Imagine an infinite chessboard that contains a positive integer in each square. If the value in each square is equal to the average of its four neighbors to the north, south, west, and east, prove the values in all the squares are equal.
I found this on AoPS in which they gave a proof
Consider the square containing the minimal value. Then its four neighbors must all have this minimal value. Similarly, their neighbors must also have this minimal value, and so on ad infinitum.
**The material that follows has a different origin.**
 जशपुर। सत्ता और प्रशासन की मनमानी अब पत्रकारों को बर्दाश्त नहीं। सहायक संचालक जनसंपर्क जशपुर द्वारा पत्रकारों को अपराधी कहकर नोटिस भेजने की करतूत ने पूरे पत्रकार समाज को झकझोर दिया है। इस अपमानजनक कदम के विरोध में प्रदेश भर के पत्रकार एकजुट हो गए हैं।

Thus, every square in the chessboard has the same value.
but I don't understand how the first sentences implies that “Thus, every square in the chessboard has the same value.”
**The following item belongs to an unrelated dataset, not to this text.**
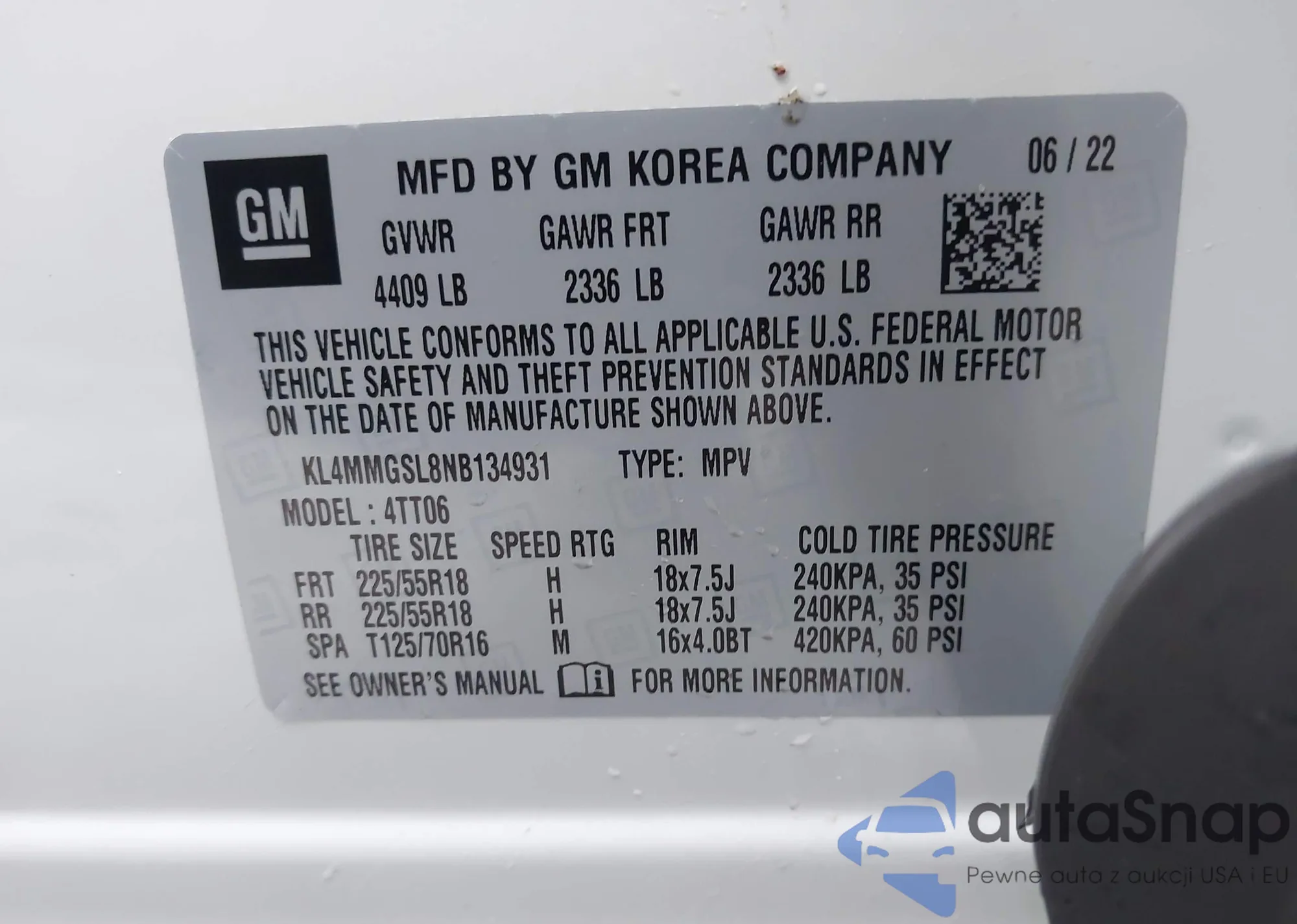 VIN: KL4MMGSL8NB134931

If $m$ is the minimal value and has neighbors $a,b,c,d$, then $$m=\dfrac{a+b+c+d}{4}$$
and so pick one of the neighbors say $a$, then $a$ has neighbors $m,e,f,g$ and so $$a = \dfrac{m+e+f+g}{4}$$ but I don't understand how this would imply that $a=m$ also. How do they draw this conclusion?
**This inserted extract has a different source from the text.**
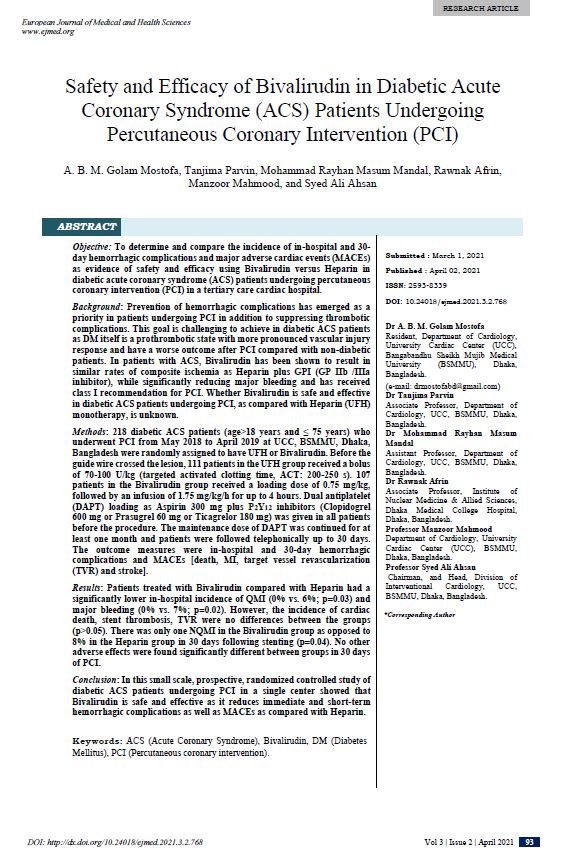 Methods: 218 diabetic ACS patients (age>18 years and ≤ 75 years) who underwent PCI from May 2018 to April 2019 at UCC, BSMMU, Dhaka, Bangladesh were randomly assigned to have UFH or Bivalirudin. Before the guide wire crossed the lesion, 111 patients in the UFH group received a bolus of 70-100 U/kg (targeted activated clotting time, ACT: 200-250 s). 107 patients in the Bivalirudin group received a loading dose of 0.75 mg/kg, followed by an infusion of 1.75 mg/kg/h for up to 4 hours. Dual antiplatelet (DAPT) loading as Aspirin 300 mg plus P2Y12 inhibitors (Clopidogrel 600 mg or Prasugrel 60 mg or Ticagrelor 180 mg) was given in all patients before the procedure. The maintenance dose of DAPT was continued for at least one month and patients were followed telephonically up to 30 days. The outcome measures were in-hospital and 30-day hemorrhagic complications and MACEs [death, MI, target vessel revascularization (TVR) and stroke].

If $m$ is the minimal value, then $a,b,c,d \geq m$. Thus
$$m = \frac{a+b+c+d}{4} = \frac{a}{4} + \frac{b}{4} + \frac{c}{4} + \frac{d}{4} \geq \frac{a}{4} + \frac{m}{4} + \frac{m}{4} + \frac{m}{4} = \frac{a}{4} + 3\frac{m}{4}$$
By subtracting off $3\frac{m}{4}$ from the two sides of the above inequality, we deduce that $\frac{m}{4} \geq \frac{a}{4}$, so $m \geq a$. Since by hypothesis $m \leq a$, we conclude that $m=a$. By the same logic, $b,c,d=m$. Repeat this argument for all the neighbors of $a,b,c,d$, and so on (this can be made formal).
This is a discrete version of a Maximum principle, as show up in complex analysis and PDEs. Intuitively, you have a function on the chessboard with the property that the value at a square is equal to the average of its neighbors. If the function is not constant in the neighborhood of a particular square, then some neighboring values must be larger and some smaller, in order for the averaging to work out. However, if the value at a given square is a minimum, we are forced to conclude that the neighbors share the same value, so that the function is constant.